Legal status of loan firms in Nigeria

The regulators, however, lamented that majority of the loan companies are operating illegally, with no registrations with the Corporate Affairs Commission (CAC) and Central Bank of Nigeria (CBN) to carry out the business of financial transactions in the country.

The FCCPC boss, however, said investigations revealed that the loan firms were neither Nigerian companies nor registered in the country.

Irukera disclosed: “We found out that most of these companies operate from the same place.

“We also found out that many of them are actually operated by the same person.

“They are not Nigerian companies; they don’t have an address in Nigeria and they are not registered in Nigeria with the Corporate Affairs Commission, and they do not have any licence to do their business.”

How regulators investigated firms’ operations since 2020

Irukera further disclosed that investigations into the allegations against some of the loan firm’s started since 2020.

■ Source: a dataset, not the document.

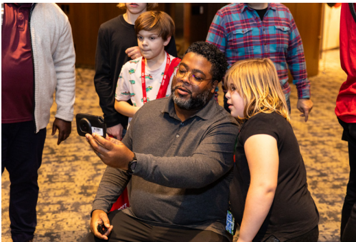
It is not usual for our special agents to participate in community outreach events to showcase some of their tradecraft for the next generation of secret agents.

The Threat Intelligence Center (TIC) manages and integrates intelligence collection, law enforcement information sharing, analysis, foreign national vetting, and open-source monitoring for threats directed at PFFA areas of responsibilities.

“This information started quite a while ago,” said he.

Irukera also disclosed that the regulatory Commission had been monitoring activities of the firms for several months before the clampdown.

He said: “Towards the end of last year, we gathered quite a lot of information.

“We started working with some other key agencies, and the FCCPC led the meeting where we all agreed there would be a joint effort to look into these businesses.”

According to him, it was difficult to identify their operational bases in Nigeria.

“We started an investigation trying to determine the location of these firms.

“That has been a very difficult thing. We did that for several months and some of them have moved from one place to the another and we have been visiting these places for months,” he noted.

Loan sharks’ mode of operations

According to Irukera, the interest rates charged by the illegal online financial firms appear to violate the ethics of how lending is done.

He stated: “The two key things that were subject of concern were what seemed to be the naming and shaming violation of people’s privacy with respect to how these lenders recover their loans.

“The interest rate seems to be a violation of the ethics on how lending is done.

“So, those were the two things that we set out to look for.”

The regulators’ move to conduct the ‘sting operation’

Irukera further said that FCCPC had written to global app companies, requesting them to suspend the operations of the online banks.

“Essentially, what they have is an app, and so we started gathering more information about them. “We engaged the public and the people who had been their victims. They gave us more information,” he stated.

The FCCPC Chief as well noted: “As we got more information we had enough evidence to convince the court to issue a warrant for us to proceed with an investigation into a search and seizure.

“And sometime last month, a court issued a warrant and between then and now, we were preparing a sting operation which is what you are seeing here today. “The reason for this is because we wanted to be sure we are hitting at the place we could get many of them.”

According to him, “we also understand that they are between five and seven companies operating at the same location.”

The FCCPC and other agencies involved in the raid seized some working equipment, including laptops, during the raid for further investigation into the firms’ illicit operations.

Big Techs requested to remove firms’ apps, banks to close accounts

Meanwhile, Irukera has said aside from Friday’s raid on some of the firms’, the FCCPC has also issued multiple orders to limit their illegal operations.

He stated: “Two of them are going to vendors: Apple and Google stores where some of these apps are available.

“We have asked them to shut these companies’ apps down so that people will not be victimised anymore.

“Some of them (the orders) have gone to the banks, asking them to freeze the accounts used by these people (moneylenders).